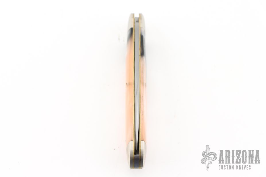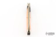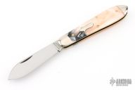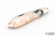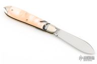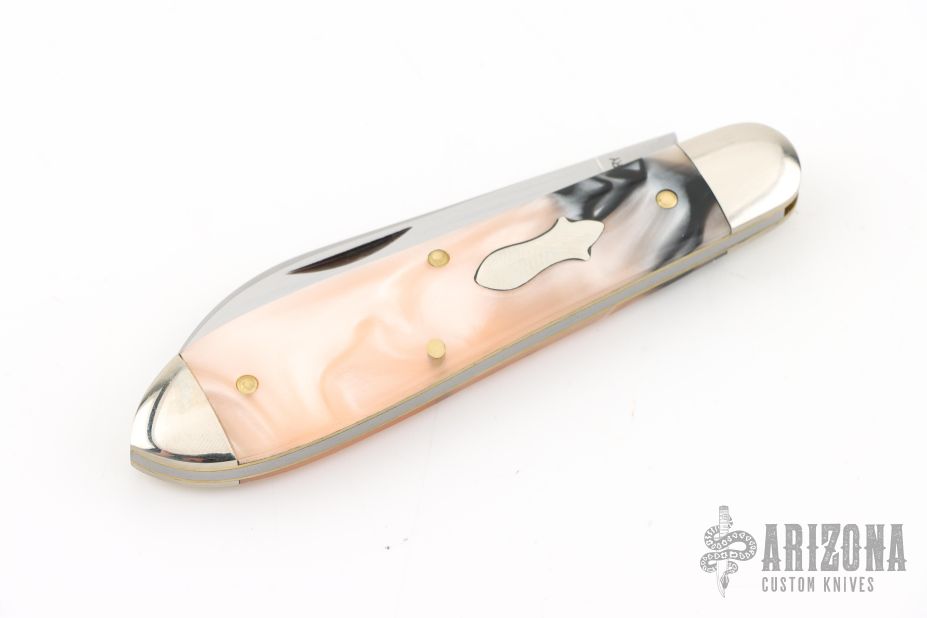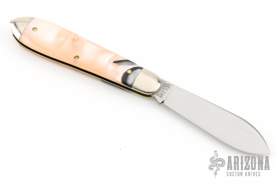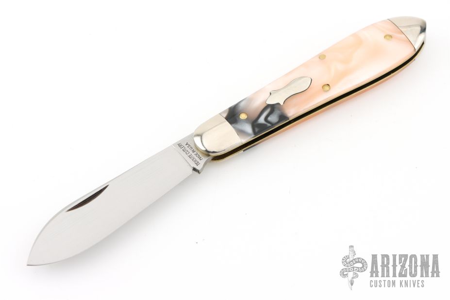 This slipjoint by Great Eastern Cutlery features a satin finished blade with nail nick. The handle has nickel silver bolsters and brass liners, pink synthetic covers. Comes with original tube and wax paper. Excellent condition.
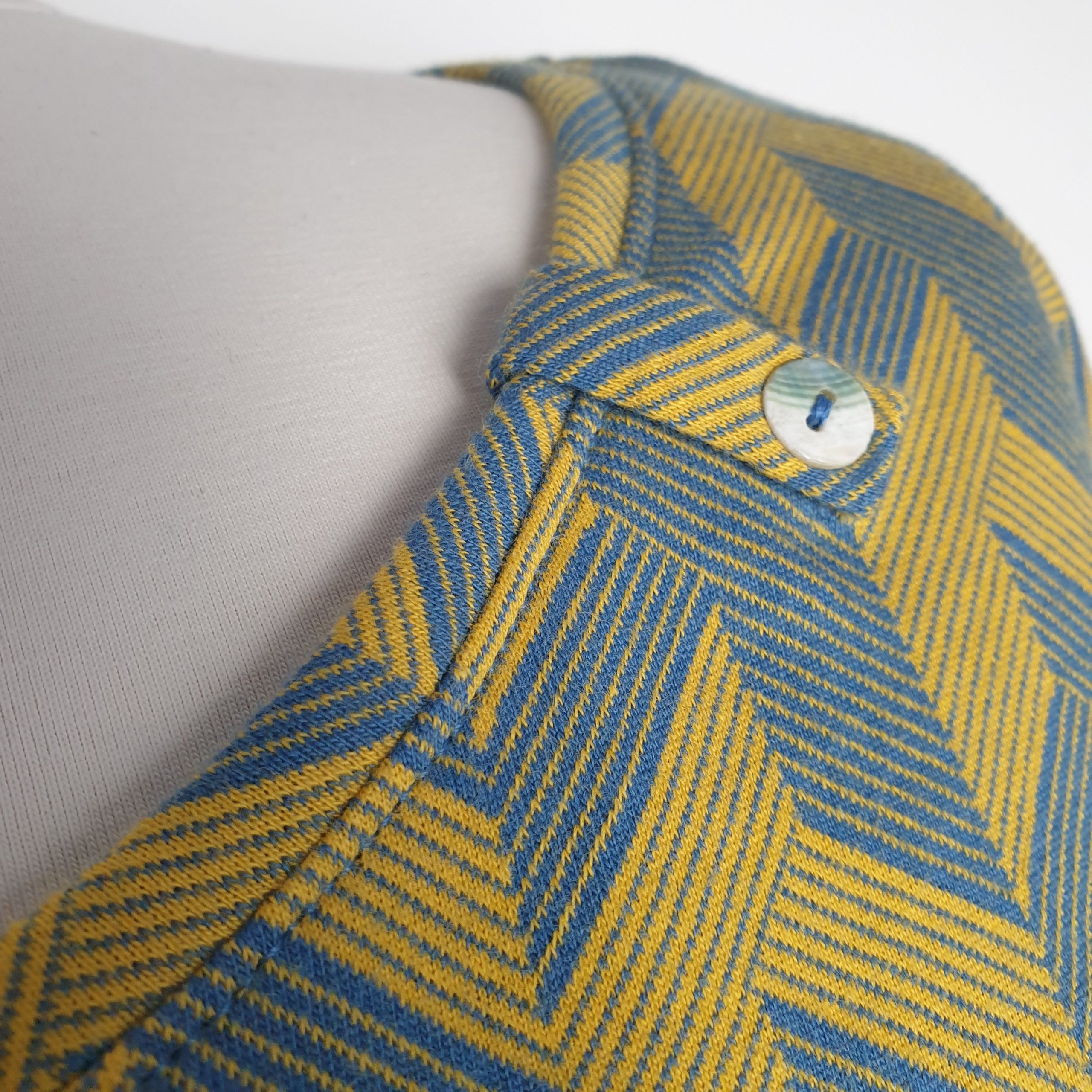 Voici ses caractéristiques : manche 3/4, grand col rond, un détail de finition qui change sur chaque modèle (couleur et/ou emplacement des boutons, galons dans le dos, etc)
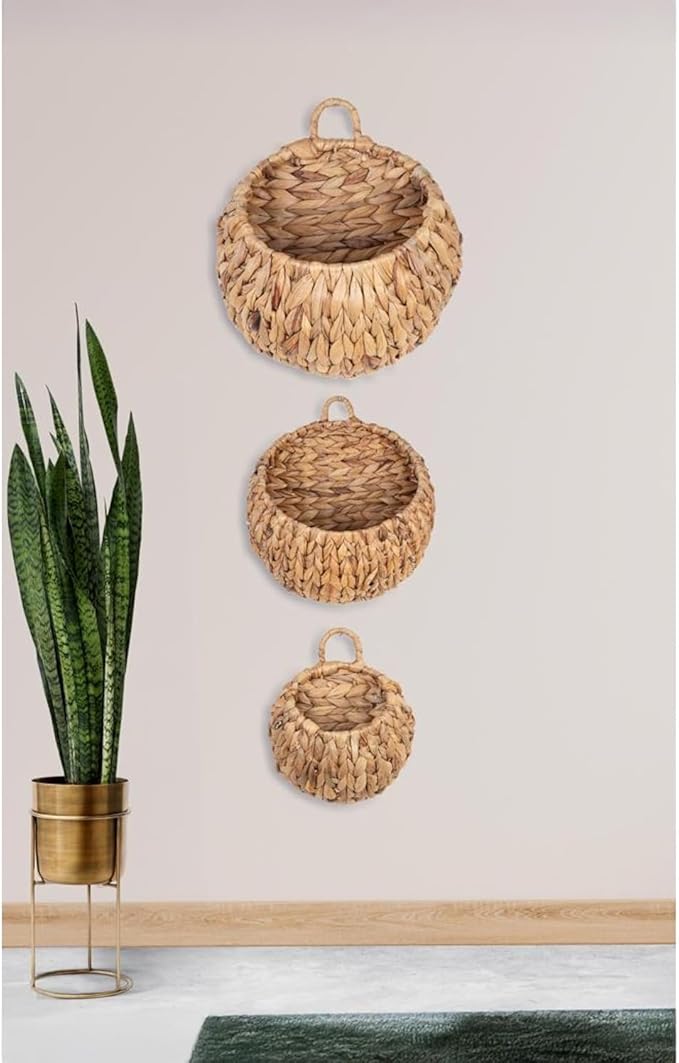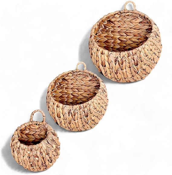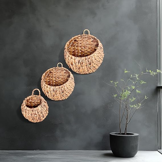 Dekoratif Görünüm: Bu 3’lü yuvarlak hasır saksı seti, el yapımı ve doğal görünümüyle evinize veya ofisinize şık bir hava katacaktır.

◆ **Problem details**:
Quote the material in full and exactly; do not carry over its pictures.

◆ **Result below**:
 This slipjoint by Great Eastern Cutlery features a satin finished blade with nail nick. The handle has nickel silver bolsters and brass liners, pink synthetic covers. Comes with original tube and wax paper. Excellent condition.
 Voici ses caractéristiques : manche 3/4, grand col rond, un détail de finition qui change sur chaque modèle (couleur et/ou emplacement des boutons, galons dans le dos, etc)
 Dekoratif Görünüm: Bu 3’lü yuvarlak hasır saksı seti, el yapımı ve doğal görünümüyle evinize veya ofisinize şık bir hava katacaktır.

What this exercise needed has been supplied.